*Required work*: After locating the line that contains "Obra de formato", transcribe exactly that line and each one after it until the data ends, skipping pictures.

*Data for this task*:

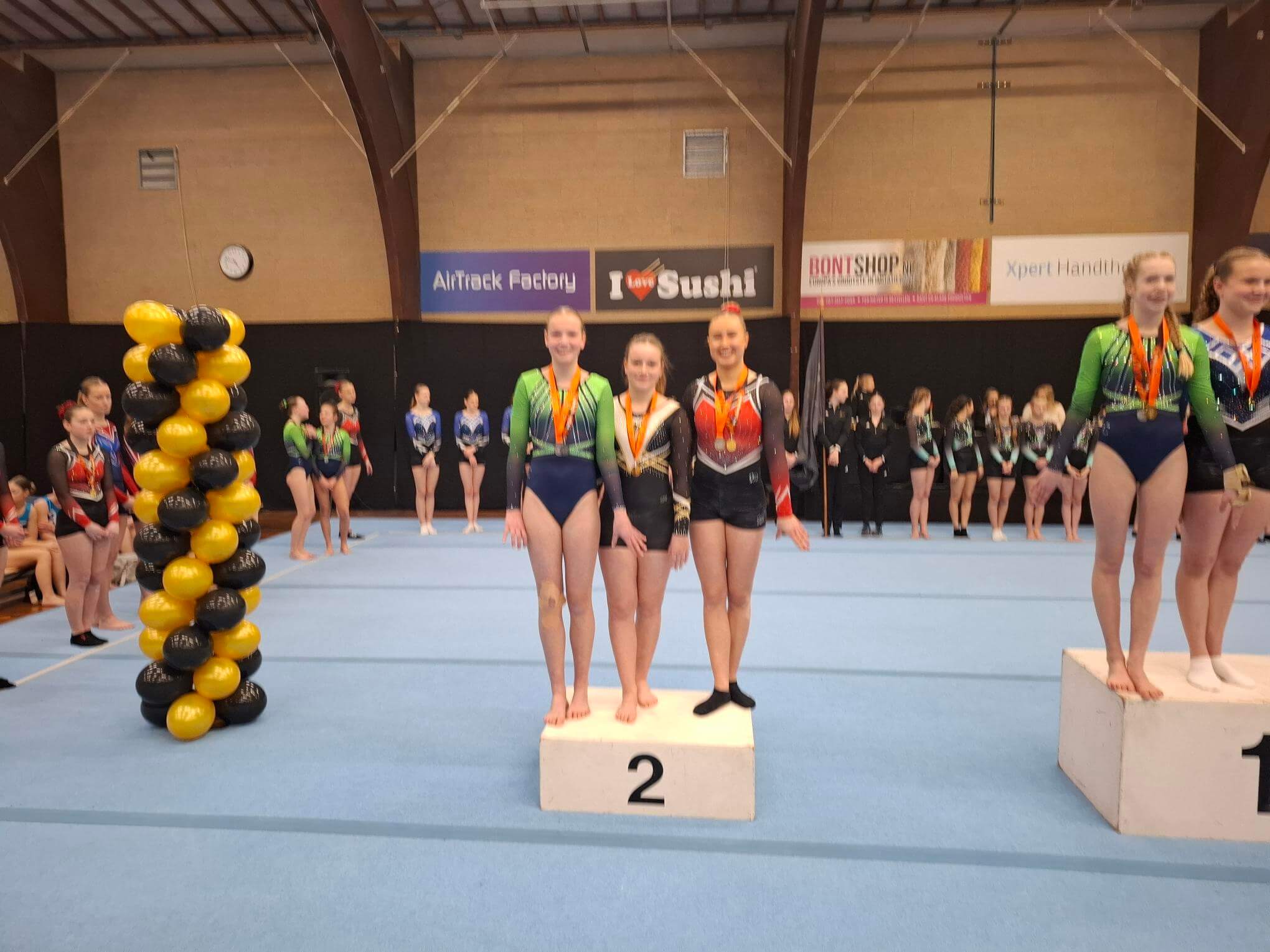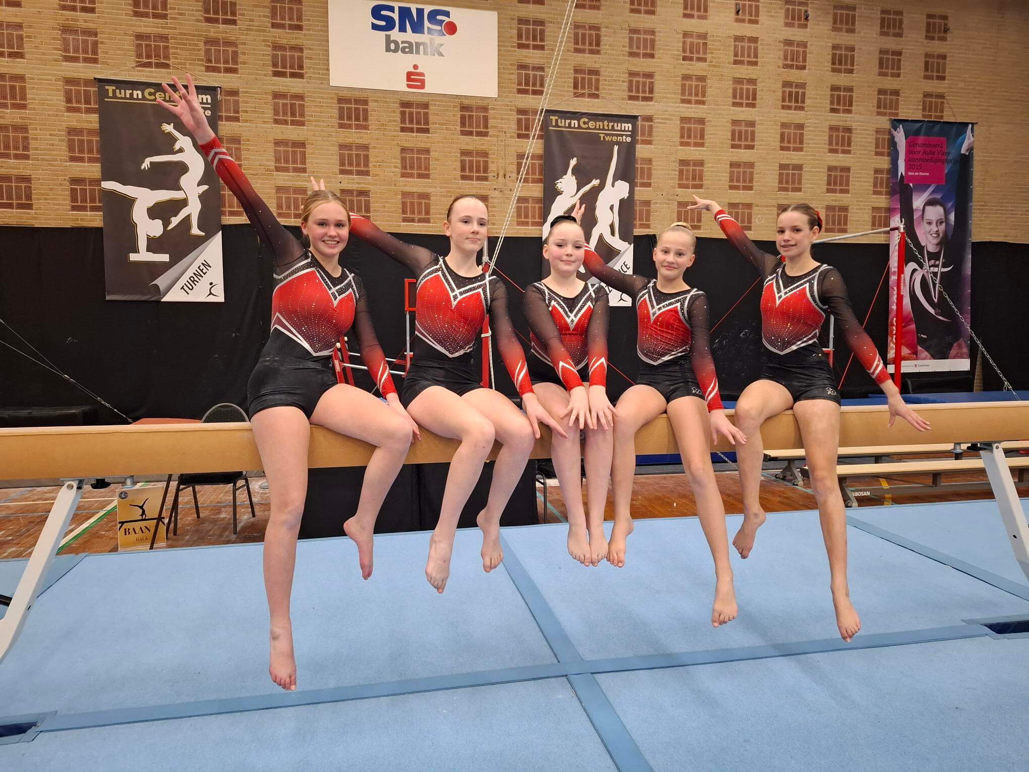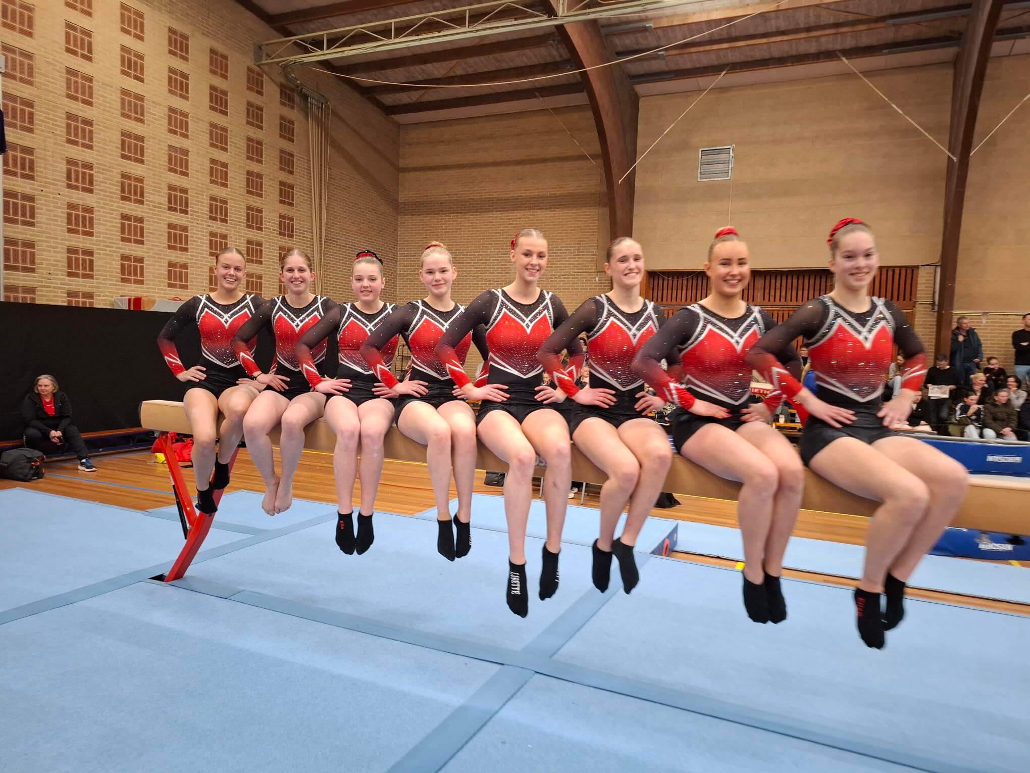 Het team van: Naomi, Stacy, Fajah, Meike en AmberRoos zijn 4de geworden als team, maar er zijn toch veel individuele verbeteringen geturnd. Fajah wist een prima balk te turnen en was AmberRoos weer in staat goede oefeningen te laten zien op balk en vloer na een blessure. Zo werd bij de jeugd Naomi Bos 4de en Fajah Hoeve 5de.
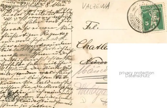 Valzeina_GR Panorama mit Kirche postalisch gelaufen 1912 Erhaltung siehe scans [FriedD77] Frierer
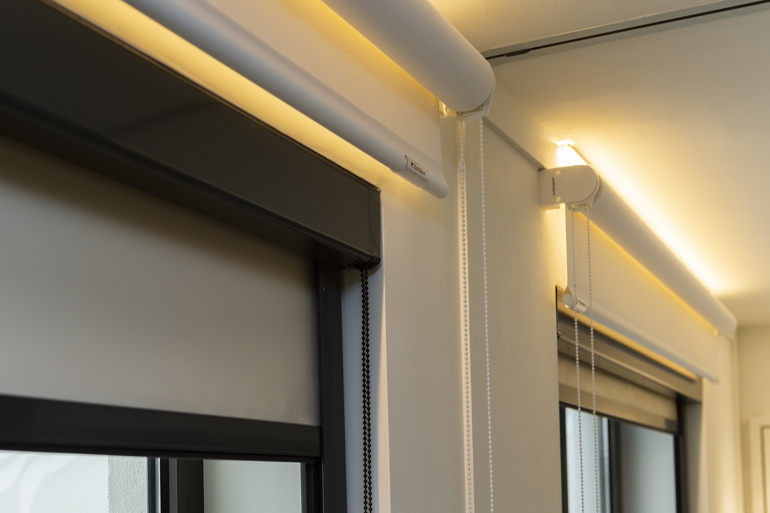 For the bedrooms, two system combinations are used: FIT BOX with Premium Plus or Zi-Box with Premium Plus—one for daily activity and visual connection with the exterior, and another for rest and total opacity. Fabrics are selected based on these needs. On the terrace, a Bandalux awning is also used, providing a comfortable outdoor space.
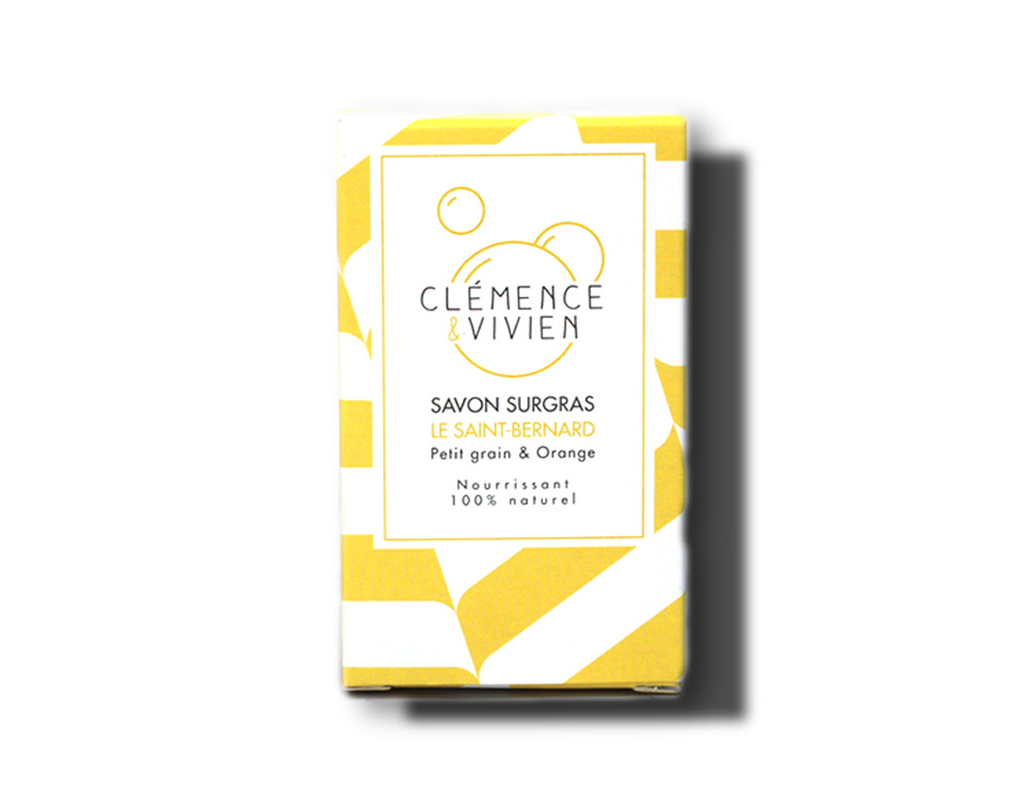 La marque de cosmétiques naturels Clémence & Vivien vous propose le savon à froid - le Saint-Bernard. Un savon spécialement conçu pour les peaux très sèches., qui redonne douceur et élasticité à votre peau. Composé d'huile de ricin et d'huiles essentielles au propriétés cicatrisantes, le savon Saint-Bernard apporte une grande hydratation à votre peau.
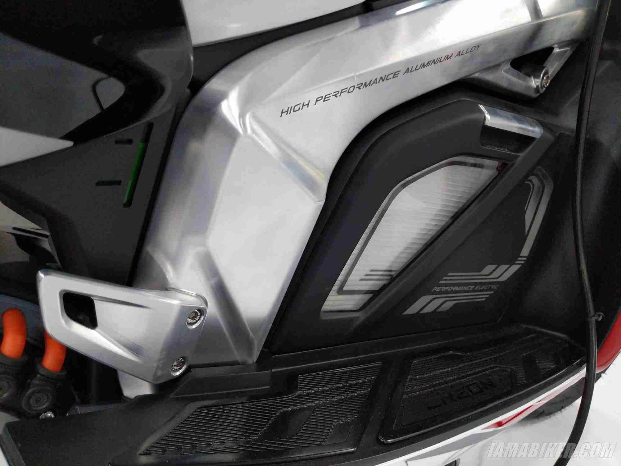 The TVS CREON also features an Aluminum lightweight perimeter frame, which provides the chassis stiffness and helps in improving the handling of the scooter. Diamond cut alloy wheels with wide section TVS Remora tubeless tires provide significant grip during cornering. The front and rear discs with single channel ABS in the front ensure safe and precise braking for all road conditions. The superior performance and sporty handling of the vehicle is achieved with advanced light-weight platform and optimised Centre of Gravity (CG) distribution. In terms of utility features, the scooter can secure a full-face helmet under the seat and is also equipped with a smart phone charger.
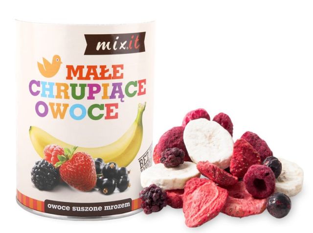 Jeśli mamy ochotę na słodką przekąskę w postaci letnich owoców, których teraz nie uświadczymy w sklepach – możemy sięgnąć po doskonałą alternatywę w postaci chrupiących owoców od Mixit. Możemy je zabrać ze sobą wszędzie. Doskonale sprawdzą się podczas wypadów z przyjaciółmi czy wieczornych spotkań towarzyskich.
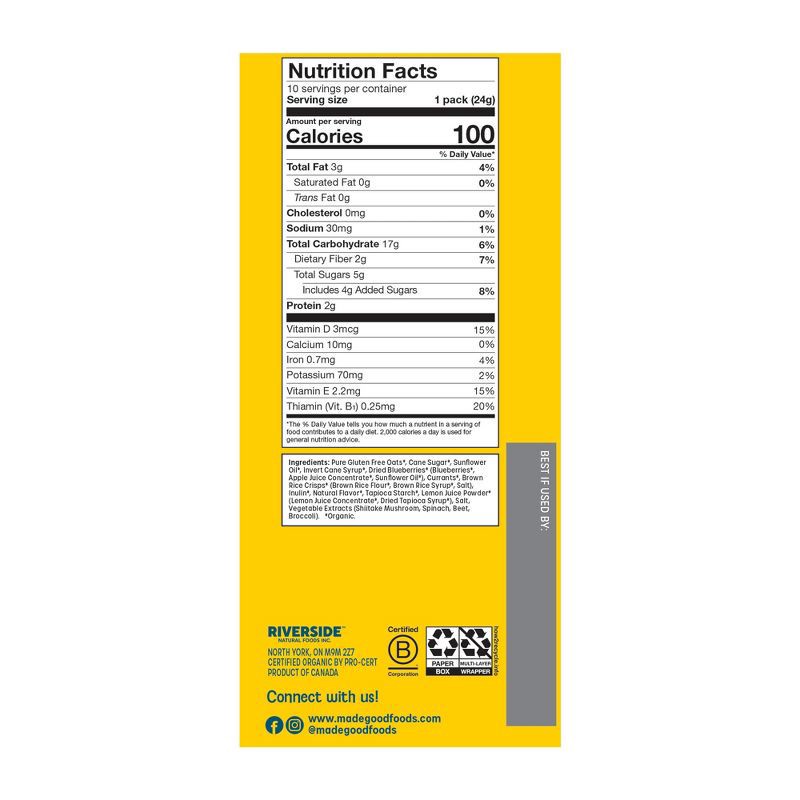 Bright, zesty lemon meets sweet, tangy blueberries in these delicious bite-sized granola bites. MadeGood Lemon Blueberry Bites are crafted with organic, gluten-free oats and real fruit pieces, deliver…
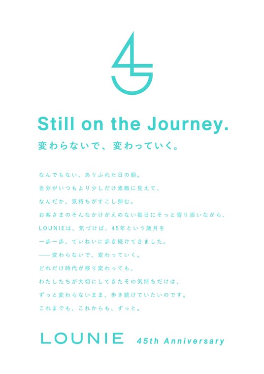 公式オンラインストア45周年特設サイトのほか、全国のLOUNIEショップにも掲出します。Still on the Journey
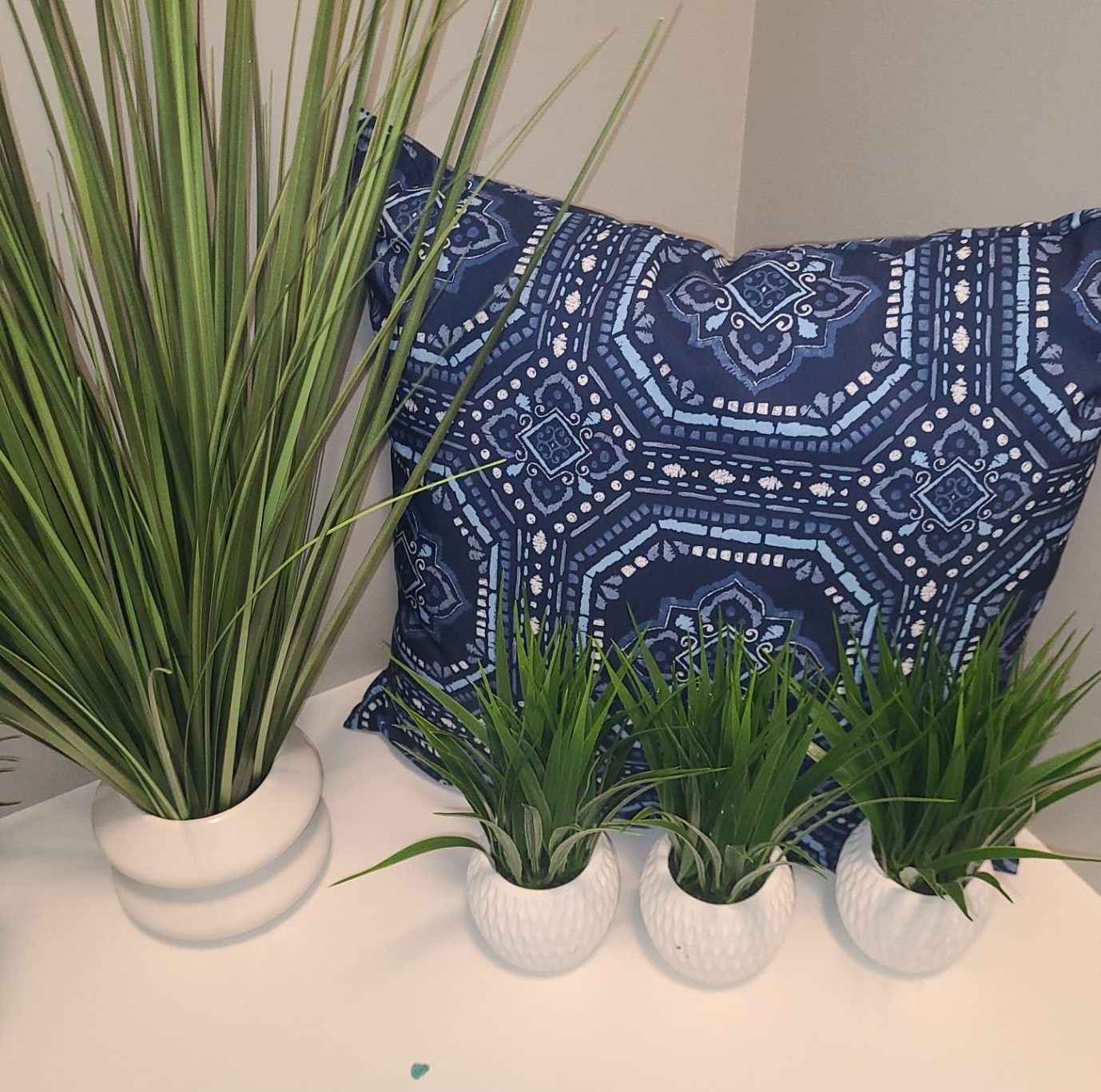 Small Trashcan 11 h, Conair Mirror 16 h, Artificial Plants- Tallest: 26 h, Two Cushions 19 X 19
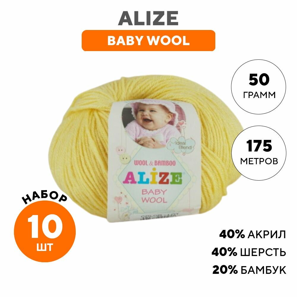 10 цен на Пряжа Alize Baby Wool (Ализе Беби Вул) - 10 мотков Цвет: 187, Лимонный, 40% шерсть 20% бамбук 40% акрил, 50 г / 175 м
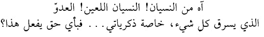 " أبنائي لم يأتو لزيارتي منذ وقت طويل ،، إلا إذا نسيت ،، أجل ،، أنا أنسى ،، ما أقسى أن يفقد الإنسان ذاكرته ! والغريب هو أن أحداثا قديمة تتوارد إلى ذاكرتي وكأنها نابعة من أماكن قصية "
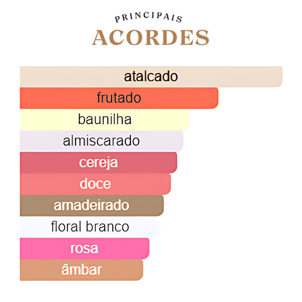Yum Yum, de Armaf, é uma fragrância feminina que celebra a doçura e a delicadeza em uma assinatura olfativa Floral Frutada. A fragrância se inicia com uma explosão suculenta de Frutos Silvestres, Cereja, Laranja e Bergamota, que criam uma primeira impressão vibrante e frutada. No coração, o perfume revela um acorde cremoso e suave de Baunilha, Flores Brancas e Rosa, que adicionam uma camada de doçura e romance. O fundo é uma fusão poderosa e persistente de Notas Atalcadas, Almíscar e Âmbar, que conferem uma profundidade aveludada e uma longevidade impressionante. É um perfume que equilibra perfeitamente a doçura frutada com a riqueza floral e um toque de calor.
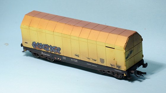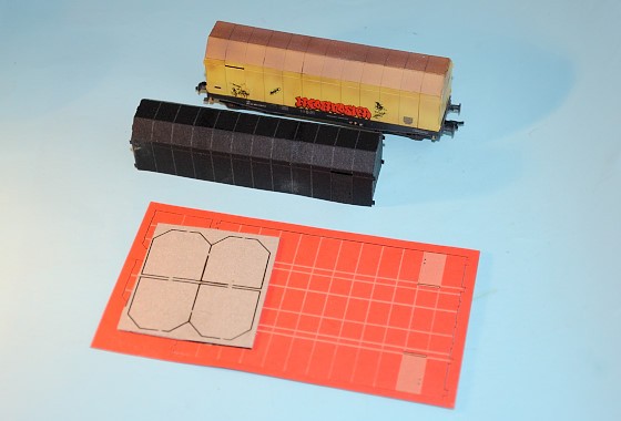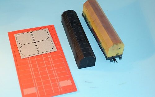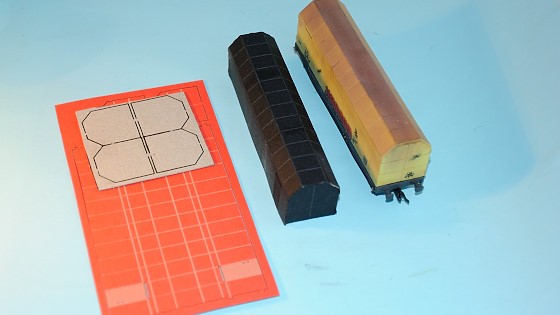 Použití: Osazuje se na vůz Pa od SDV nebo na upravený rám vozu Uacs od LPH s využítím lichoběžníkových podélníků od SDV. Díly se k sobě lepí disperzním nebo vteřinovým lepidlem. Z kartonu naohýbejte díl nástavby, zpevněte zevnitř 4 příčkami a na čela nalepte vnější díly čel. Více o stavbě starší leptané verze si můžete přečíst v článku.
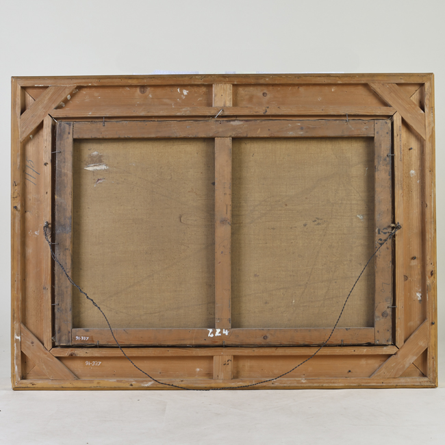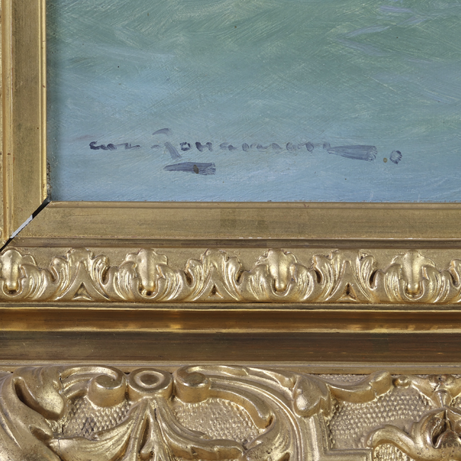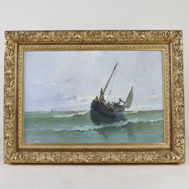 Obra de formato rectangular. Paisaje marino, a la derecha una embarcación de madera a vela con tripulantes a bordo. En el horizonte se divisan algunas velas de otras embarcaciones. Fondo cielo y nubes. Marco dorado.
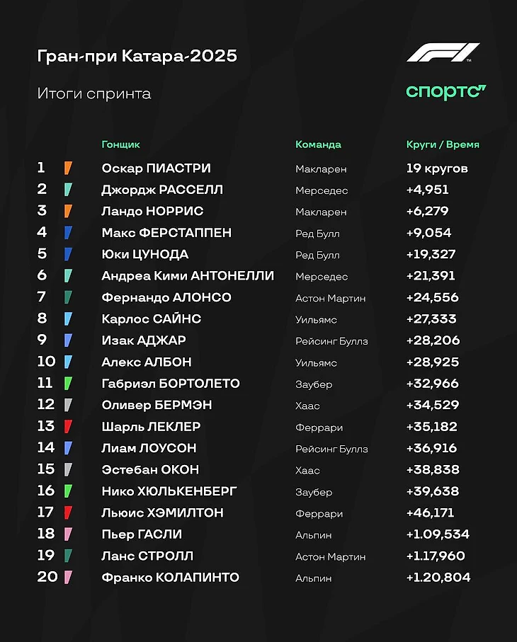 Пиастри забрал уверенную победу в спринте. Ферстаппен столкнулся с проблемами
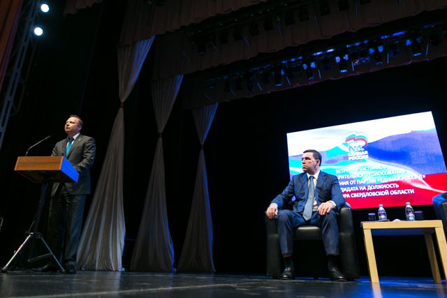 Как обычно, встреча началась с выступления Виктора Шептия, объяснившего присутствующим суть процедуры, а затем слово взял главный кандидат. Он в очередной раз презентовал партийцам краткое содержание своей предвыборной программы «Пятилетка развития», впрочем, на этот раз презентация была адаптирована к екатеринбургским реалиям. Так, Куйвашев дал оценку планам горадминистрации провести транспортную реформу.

*Your response*:
 Obra de formato rectangular. Paisaje marino, a la derecha una embarcación de madera a vela con tripulantes a bordo. En el horizonte se divisan algunas velas de otras embarcaciones. Fondo cielo y nubes. Marco dorado.
 Пиастри забрал уверенную победу в спринте. Ферстаппен столкнулся с проблемами
 Как обычно, встреча началась с выступления Виктора Шептия, объяснившего присутствующим суть процедуры, а затем слово взял главный кандидат. Он в очередной раз презентовал партийцам краткое содержание своей предвыборной программы «Пятилетка развития», впрочем, на этот раз презентация была адаптирована к екатеринбургским реалиям. Так, Куйвашев дал оценку планам горадминистрации провести транспортную реформу.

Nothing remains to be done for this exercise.